◆ Material provided:
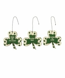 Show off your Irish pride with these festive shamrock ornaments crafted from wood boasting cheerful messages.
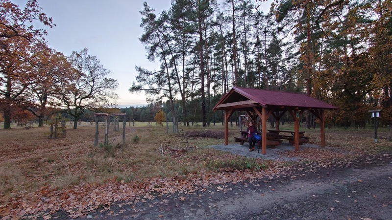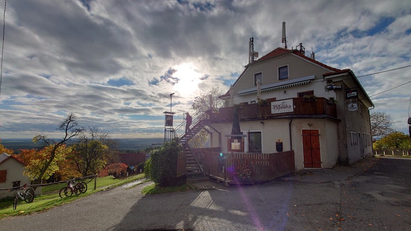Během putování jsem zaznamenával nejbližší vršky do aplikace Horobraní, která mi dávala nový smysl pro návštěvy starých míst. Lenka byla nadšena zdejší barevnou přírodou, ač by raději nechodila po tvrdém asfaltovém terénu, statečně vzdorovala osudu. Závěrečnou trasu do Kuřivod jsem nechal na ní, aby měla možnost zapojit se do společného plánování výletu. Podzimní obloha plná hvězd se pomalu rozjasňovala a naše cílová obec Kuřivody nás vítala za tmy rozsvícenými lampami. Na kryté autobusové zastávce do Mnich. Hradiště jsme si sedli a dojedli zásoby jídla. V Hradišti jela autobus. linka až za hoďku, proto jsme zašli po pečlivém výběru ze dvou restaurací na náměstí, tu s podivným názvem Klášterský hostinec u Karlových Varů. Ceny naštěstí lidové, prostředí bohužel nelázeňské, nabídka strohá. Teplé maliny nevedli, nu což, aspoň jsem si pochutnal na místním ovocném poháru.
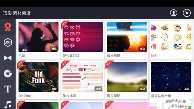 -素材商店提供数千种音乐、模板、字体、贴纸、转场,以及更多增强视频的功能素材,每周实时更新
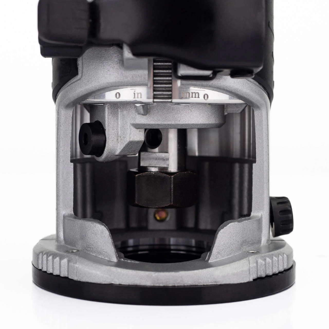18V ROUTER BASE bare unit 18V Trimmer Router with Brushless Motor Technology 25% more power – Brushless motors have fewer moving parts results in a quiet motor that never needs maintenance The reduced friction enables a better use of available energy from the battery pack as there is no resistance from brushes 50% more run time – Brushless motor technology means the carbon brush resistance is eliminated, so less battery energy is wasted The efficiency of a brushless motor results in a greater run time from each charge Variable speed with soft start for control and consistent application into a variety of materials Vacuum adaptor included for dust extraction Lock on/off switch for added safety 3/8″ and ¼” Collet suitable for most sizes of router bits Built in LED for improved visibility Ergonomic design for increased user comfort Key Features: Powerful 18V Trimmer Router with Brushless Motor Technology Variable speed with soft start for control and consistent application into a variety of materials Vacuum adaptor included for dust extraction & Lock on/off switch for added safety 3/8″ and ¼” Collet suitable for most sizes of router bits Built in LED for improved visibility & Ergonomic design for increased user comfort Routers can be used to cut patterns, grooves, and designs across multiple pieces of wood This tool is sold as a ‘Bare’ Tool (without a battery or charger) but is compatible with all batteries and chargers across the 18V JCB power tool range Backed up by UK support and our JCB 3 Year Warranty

◆ Exercise prompt:
Omit the pictures and reproduce the remaining material above exactly.

◆ Finished task:
 Show off your Irish pride with these festive shamrock ornaments crafted from wood boasting cheerful messages.
Během putování jsem zaznamenával nejbližší vršky do aplikace Horobraní, která mi dávala nový smysl pro návštěvy starých míst. Lenka byla nadšena zdejší barevnou přírodou, ač by raději nechodila po tvrdém asfaltovém terénu, statečně vzdorovala osudu. Závěrečnou trasu do Kuřivod jsem nechal na ní, aby měla možnost zapojit se do společného plánování výletu. Podzimní obloha plná hvězd se pomalu rozjasňovala a naše cílová obec Kuřivody nás vítala za tmy rozsvícenými lampami. Na kryté autobusové zastávce do Mnich. Hradiště jsme si sedli a dojedli zásoby jídla. V Hradišti jela autobus. linka až za hoďku, proto jsme zašli po pečlivém výběru ze dvou restaurací na náměstí, tu s podivným názvem Klášterský hostinec u Karlových Varů. Ceny naštěstí lidové, prostředí bohužel nelázeňské, nabídka strohá. Teplé maliny nevedli, nu což, aspoň jsem si pochutnal na místním ovocném poháru.
 -素材商店提供数千种音乐、模板、字体、贴纸、转场,以及更多增强视频的功能素材,每周实时更新
18V ROUTER BASE bare unit 18V Trimmer Router with Brushless Motor Technology 25% more power – Brushless motors have fewer moving parts results in a quiet motor that never needs maintenance The reduced friction enables a better use of available energy from the battery pack as there is no resistance from brushes 50% more run time – Brushless motor technology means the carbon brush resistance is eliminated, so less battery energy is wasted The efficiency of a brushless motor results in a greater run time from each charge Variable speed with soft start for control and consistent application into a variety of materials Vacuum adaptor included for dust extraction Lock on/off switch for added safety 3/8″ and ¼” Collet suitable for most sizes of router bits Built in LED for improved visibility Ergonomic design for increased user comfort Key Features: Powerful 18V Trimmer Router with Brushless Motor Technology Variable speed with soft start for control and consistent application into a variety of materials Vacuum adaptor included for dust extraction & Lock on/off switch for added safety 3/8″ and ¼” Collet suitable for most sizes of router bits Built in LED for improved visibility & Ergonomic design for increased user comfort Routers can be used to cut patterns, grooves, and designs across multiple pieces of wood This tool is sold as a ‘Bare’ Tool (without a battery or charger) but is compatible with all batteries and chargers across the 18V JCB power tool range Backed up by UK support and our JCB 3 Year Warranty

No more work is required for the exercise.